Provided material ->
....

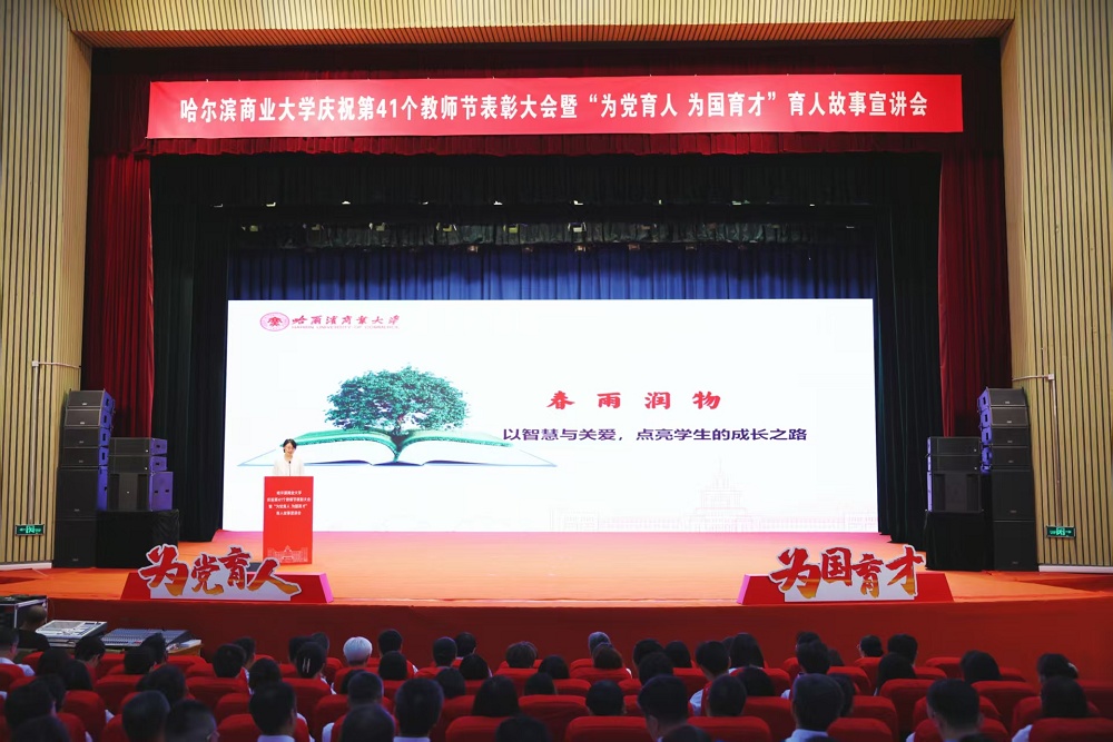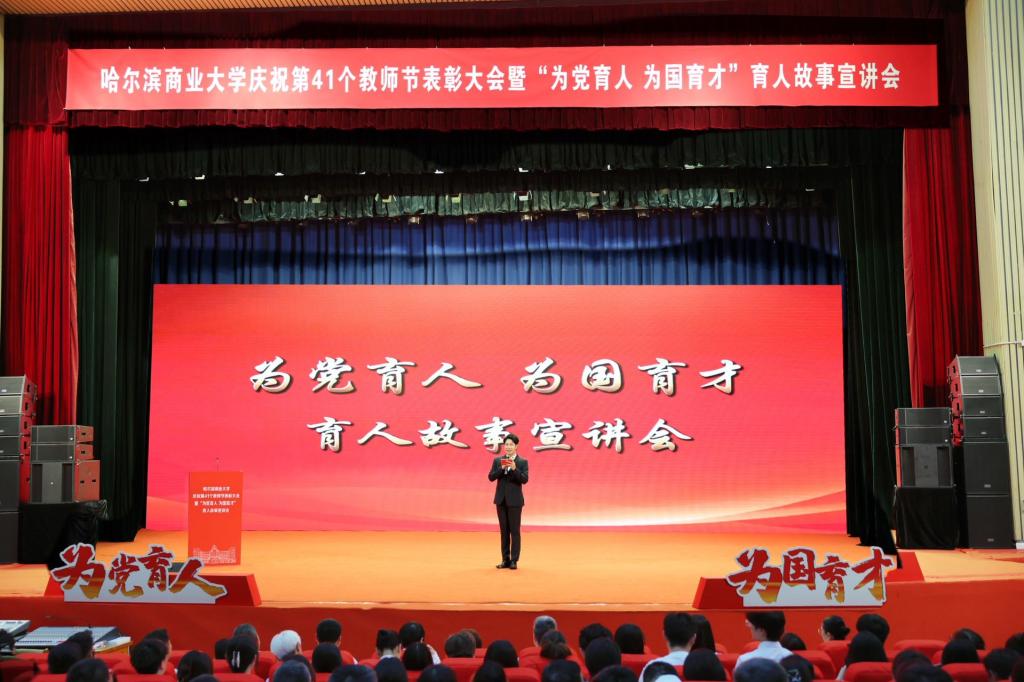 9月10日,学校在B区礼堂召开庆祝第41个教师节表彰大会暨“为党育人 为国育才”育人故事宣讲会。全体校领导、校长助理出席大会;从教满35周年教职工、受表彰教职工,全体处级干部,教师和学生代表等参加大会。校党委副书记、工会主席田成义主持大会。
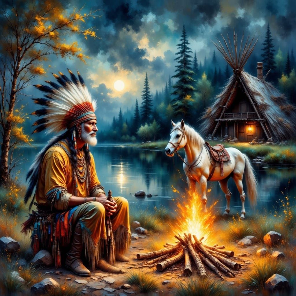 A vivid oil painting depicts an Indigenous man in traditional dress by a campfire. A white horse stands near a wigwam under a full moon, rendered in an impressionistic style.
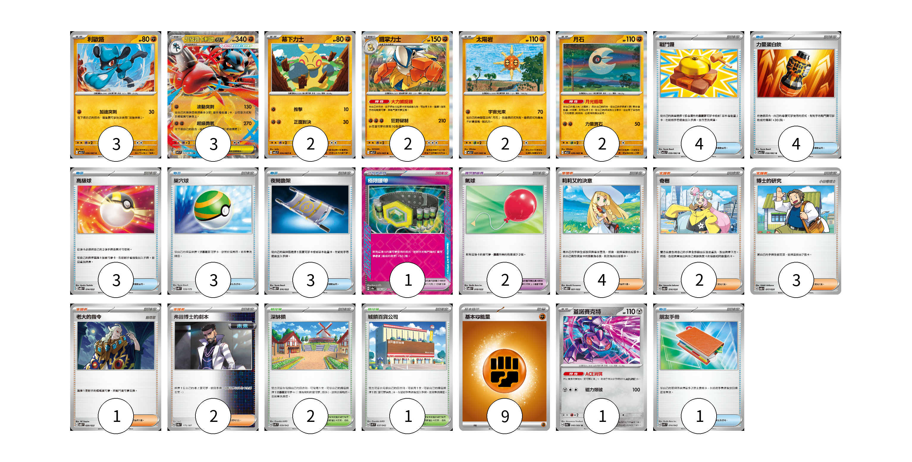 牌組構築方案 以此牌組為基礎新構築牌組 顯示卡面 顯示列表 寶可夢卡(15) 3 3 2 2 2 2 1 寶可夢道具(3) 1 2 物品卡(18) 4 4 3 3 3 1 支援者卡(12) 4 2 3 1 2 競技場卡(3) 2 1 能量卡(9) 9 寶可夢卡(15) 卡牌名稱 張數 卡牌名稱 張數 利歐路 M1L 028/063 03 超級路卡利歐ex M1L 029/063 03 幕下力士 M1L 024/063 02 鐵掌力士 M1L 025/063 02 太陽岩 M1L 027/063 02 月石 M1L 026/063 02 蓋諾賽克特 SV6a 040/064 01 寶可夢道具(3) 卡牌名稱 張數 卡牌名稱 張數 極限腰帶 SV8a 159/187 01 氣球 MBD 018/022 02 物品卡(18) 卡牌名稱 張數 卡牌名稱 張數 戰鬥鑼 M1L 059/063 04 力量蛋白飲 M1L 058/063 04 高級球 MBD 014/022 03 巢穴球 SVM 133/175 03 夜間擔架 MBD 016/022 03 朋友手冊 SVK 014/042 01 支援者卡(12) 卡牌名稱 張數 卡牌名稱 張數 莉莉艾的決意 MBD 021/022 04 奇樹 SVOD 016/020 02 博士的研究 SVOD 017/020 03 老大的指令 MBD 020/022 01 弗圖博士的劇本 SV8a 175/187 02 競技場卡(3) 卡牌名稱 張數 卡牌名稱 張數 深缽鎮 SVK 039/042 02 城鎮百貨公司 SVK 037/042 01 能量卡(9) 卡牌名稱 張數 卡牌名稱 張數 基本【鬥】能量 M-P FIG 09 以此牌組為基礎新構築牌組 牌組編碼 FnWjyu-oyTelT-owhbDy copy 列印牌組單 牌組編碼已複製 分享至SNS
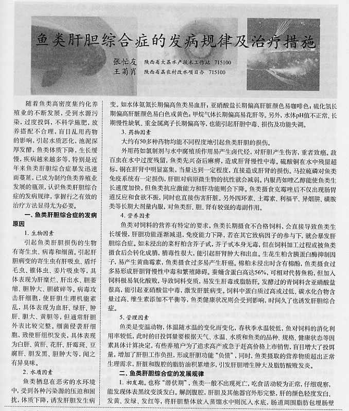 魚類肝膽綜合癥的發(fā)病規(guī)律及治療措施1

....

Prompt -> Give the listing above again in its entirety, exactly as written and free of images.

Answer to this task ->
 9月10日,学校在B区礼堂召开庆祝第41个教师节表彰大会暨“为党育人 为国育才”育人故事宣讲会。全体校领导、校长助理出席大会;从教满35周年教职工、受表彰教职工,全体处级干部,教师和学生代表等参加大会。校党委副书记、工会主席田成义主持大会。
 A vivid oil painting depicts an Indigenous man in traditional dress by a campfire. A white horse stands near a wigwam under a full moon, rendered in an impressionistic style.
 牌組構築方案 以此牌組為基礎新構築牌組 顯示卡面 顯示列表 寶可夢卡(15) 3 3 2 2 2 2 1 寶可夢道具(3) 1 2 物品卡(18) 4 4 3 3 3 1 支援者卡(12) 4 2 3 1 2 競技場卡(3) 2 1 能量卡(9) 9 寶可夢卡(15) 卡牌名稱 張數 卡牌名稱 張數 利歐路 M1L 028/063 03 超級路卡利歐ex M1L 029/063 03 幕下力士 M1L 024/063 02 鐵掌力士 M1L 025/063 02 太陽岩 M1L 027/063 02 月石 M1L 026/063 02 蓋諾賽克特 SV6a 040/064 01 寶可夢道具(3) 卡牌名稱 張數 卡牌名稱 張數 極限腰帶 SV8a 159/187 01 氣球 MBD 018/022 02 物品卡(18) 卡牌名稱 張數 卡牌名稱 張數 戰鬥鑼 M1L 059/063 04 力量蛋白飲 M1L 058/063 04 高級球 MBD 014/022 03 巢穴球 SVM 133/175 03 夜間擔架 MBD 016/022 03 朋友手冊 SVK 014/042 01 支援者卡(12) 卡牌名稱 張數 卡牌名稱 張數 莉莉艾的決意 MBD 021/022 04 奇樹 SVOD 016/020 02 博士的研究 SVOD 017/020 03 老大的指令 MBD 020/022 01 弗圖博士的劇本 SV8a 175/187 02 競技場卡(3) 卡牌名稱 張數 卡牌名稱 張數 深缽鎮 SVK 039/042 02 城鎮百貨公司 SVK 037/042 01 能量卡(9) 卡牌名稱 張數 卡牌名稱 張數 基本【鬥】能量 M-P FIG 09 以此牌組為基礎新構築牌組 牌組編碼 FnWjyu-oyTelT-owhbDy copy 列印牌組單 牌組編碼已複製 分享至SNS
 魚類肝膽綜合癥的發(fā)病規(guī)律及治療措施1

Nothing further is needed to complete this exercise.